14. What determines most of your campaign decisions? Brand awareness or hard sell? Increasing orders is our primary KPI. We have additional secondary KPIs such as awareness, quality, taste, and value, which we also track.

15. Which digital campaign platforms do you find most effective? We only run media on platforms that yield an incremental return on advertising spend – you can see where we invest, as that’s where most consumers spend their time and are coincidentally supported by advertising. And we always strive to be organic and platform-centric.

16. What previous ad surprised you with its impact? Usually, you have a good sense of what will really take off, whether it’s the pizza crust or takeout tips. Carryout Insurance was very successful, and we were able to run that for a second campaign that also performed very well for us. So, it was good to confirm that sometimes we get tired of ideas before consumers do.

17. How old is the person running your social network? 27

18. What are your three key marketing segments? Carryout, Delivery, Domino’s Carside Delivery.

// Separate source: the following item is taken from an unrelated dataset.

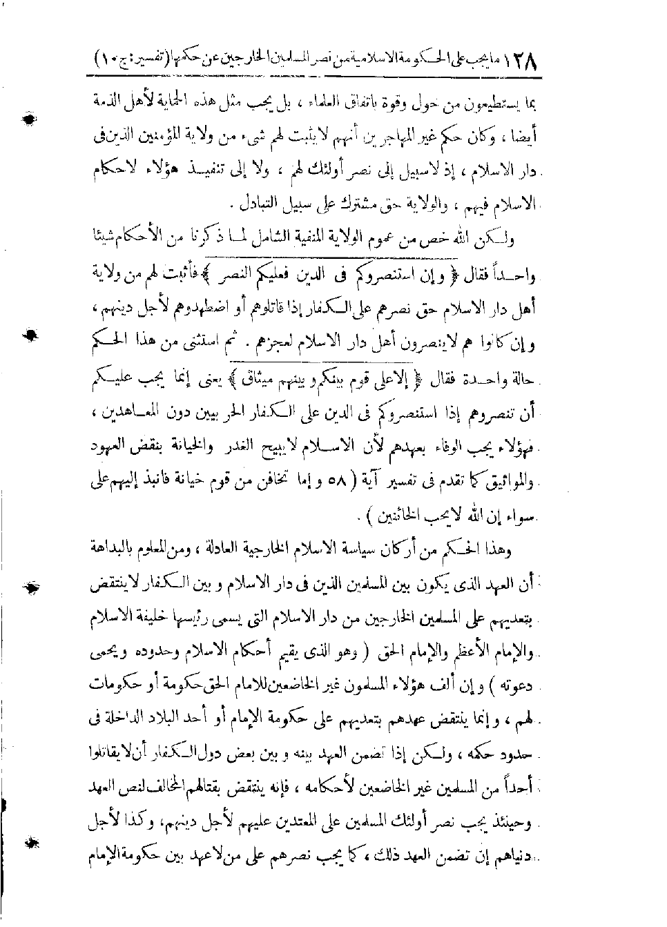 السُّورَةِ فِي مَقَامِ تَوْطِينِ النَّفْسِ عَلَى إِيثَارِ السِّلْمِ عَلَى الْحَرْبِ، وَثُبُوتِ الصُّلْحِ مِنَ الْأَعْدَاءِ مَعَ احْتِمَالِ إِرَادَتِهِمْ بِهِ الْخِدَاعَ (آيَةُ 61 و62) فَانْظُرْ تَفْسِيرَهَا فِي الْجُزْءِ الْعَاشِرِ، وَقَالَ قَبْلَهَا فِي الرَّدِّ عَلَى الْمُنَافِقِينَ وَمَرْضَى الْقُلُوبِ: إِذْ يَقُولُ الْمُنَافِقُونَ وَالَّذِينَ فِي قُلُوبِهِمْ مَرَضٌ غَرَّ هَؤُلَاءِ دِينُهُمْ (49) فَرَاجِعْ تَفْسِيرَهَا فِي الْجُزْءِ الْعَاشِرِ. وَقَدْ وَصَفَ اللهُ الْمُؤْمِنِينَ بِالتَّوَكُّلِ فِيهَا

19. If someone in marketing could only do one thing well, what should it be? Build a great product – product quality comes first, everything else stems from that.

20. Is there pressure to start marketing to younger generations? How do you toe the line on this? Young and old love pizza and we focus our marketing on adults who love pizza. We know that adults with children make up a large part of our customer base and that kids naturally seem to love pizza, but our goal is always to appeal to adults who are pizza fanatics.

21. What is the reason for saving $3 when picking up your order instead of delivery? Customers who are on the go for pick-up feel like they are doing real work by driving, navigating traffic, or searching for parking, and returning home with the price. They appreciate being recognized for their efforts – it is also an incentive for more frequent and digital orders, leading to a higher ticket price.

22. Discount code?! 😉 Although we cannot provide a discount code at the moment, we are happy to share 10 $50 Domino’s e-gift cards for Amber to give to her followers.